Kanchrapara Railway Workshop
- Type: Government Sector
- Industry: Rail Transport
- Founded: 1863; 163 years ago
- Headquarters: Kanchrapara, West Bengal, India
- Key people: Subhash Chandra (CWM)
- Number of employees: 7025 (September 2024)
- Parent: Indian Railways
- Website: Kanchrapara Workshop

= Kanchrapara Railway Workshop =

Railway workshop in India

The Kanchrapara Railway Workshop is one of the major workshops of Indian Railways, and is located in the Sealdah division of the Eastern Railway zone. It is divided into two complexes — Loco Complex and Carriage Complex. It caters to the major overhauling of a large product mix of IR, including locomotives (WAP7, WAP4, WAG9, WAG7, ), ICF Coaches, EMUs, MEMUs, DEMUs, Tower Cars, etc.
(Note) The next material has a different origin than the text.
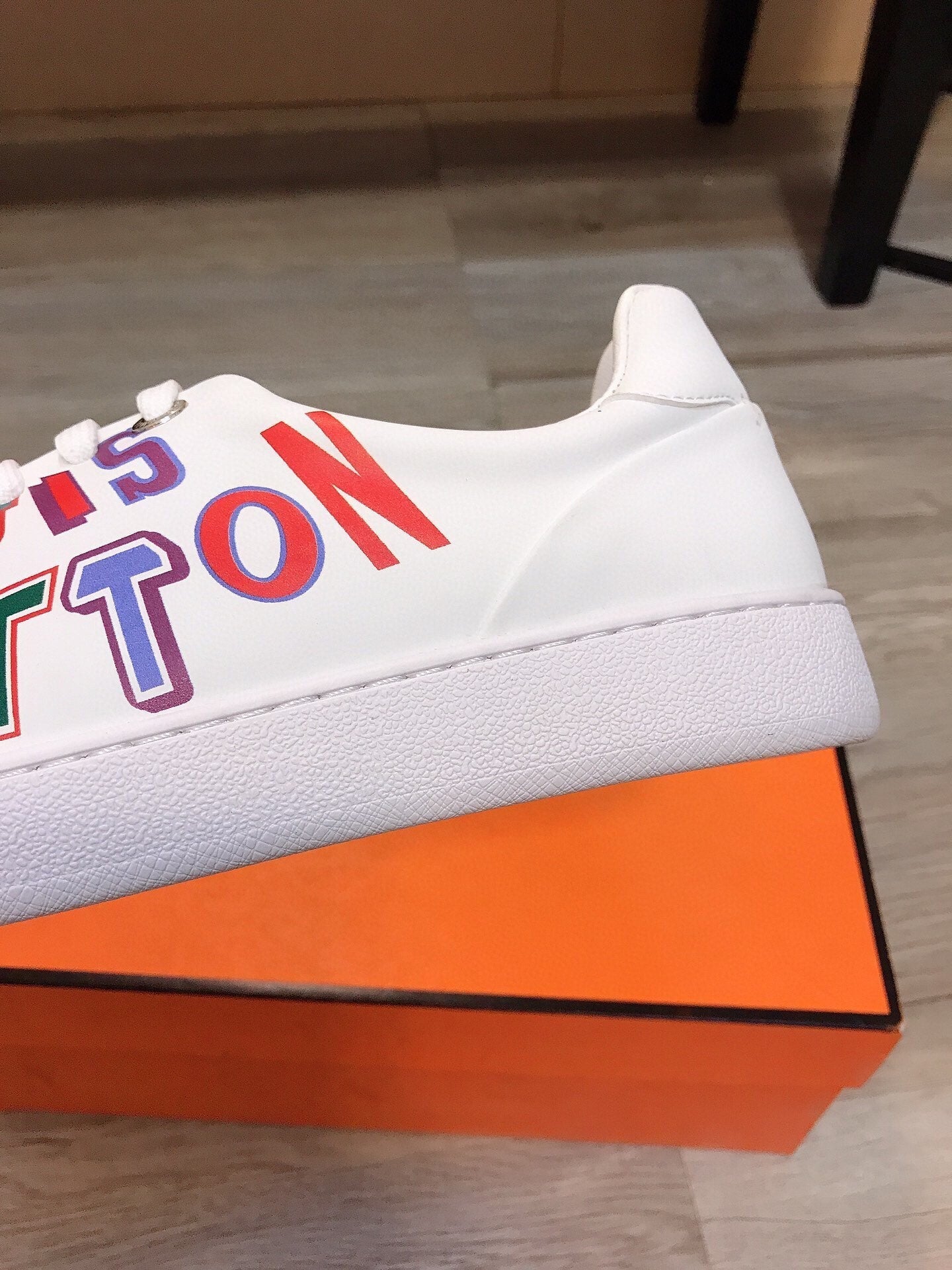 LV TRAINER WHITE CALFSKIN WITH COLORFUL LOGO

Its mention can be found in Satyajit Ray's short story "Patol Babu Superstar", which was also included in the Class 10 English Communicative Curriculum of the CBSE.

== History ==
Kanchrapara Railway Workshop was established in 1863. Initial activities included the periodic overhauling of steam locomotives, wooden body Carriage and Wagons. The workshop also carried out overhauling and repair of aircraft during world war as well as manufacture of armoured cars and hand-grenade shells. This workshop also had the privilege of turning out the first electric locomotive after Periodic Overhauling (POH) in 1965 and the first Electric Multiple Unit motor coach was turned out after POH in the very same year.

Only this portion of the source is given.